For a while now I’ve had what I like to think of as an original idea. There may be no such thing as an original idea, of course, so I suppose I should attempt to clarify: What I mean is that it seemed like an original idea.
This is an important distinction because writers borrow all the time. You can’t take somebody else’s words and ideas and present them as your own. That’s called plagiarism. But you can take plots and ideas and all sorts of other stuff and make them your own. Shakespeare did this to great effect and we’ve been stealing from him, in turn, ever since (how many “Romeo and Juliet” styled movies can you name?)
Plus, when your brain has spent a lifetime exposed to advertising it’s hard to tell if what you’re having is an original thought or something beamed into your mind like a drill bit during a break in a “Leave It To Beaver” episode.
Anyway, my (so-called) original idea was that the 7-Up logo would make a great flashing light advertisement on the surface of the moon.
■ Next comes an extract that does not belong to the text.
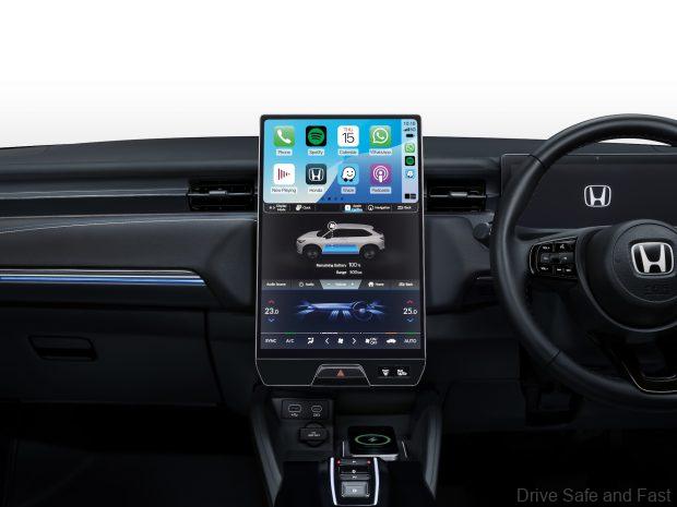 The e:N1’s clean, futuristic design is marked by a sleek front fascia, LED lights, 18-inch dual-tone alloy wheels, and a new white Honda “H” badge that signals its electric identity. Inside, a sophisticated cabin awaits with blue ambient lighting, a 10.25-inch digital driver display, and a 15.1-inch advanced touchscreen with a three-tier interface supporting Wireless Apple CarPlay, Wired Android Auto, and navigation.

Imagine a moonrise with a pulsating neon green pitch for a sugary pop. I must have had this “original” idea a long time ago because nobody drinks 7-Up any longer (though it might be one of those Yogi Berra things: nobody goes there any more, it’s too crowded.)
In any case, it was a rather bitter, cynical observation about rampant commercialism, the strength of which is perhaps American culture’s most potent weapon. Why send in the troops when you can send in the Coca-Cola Bottling Company?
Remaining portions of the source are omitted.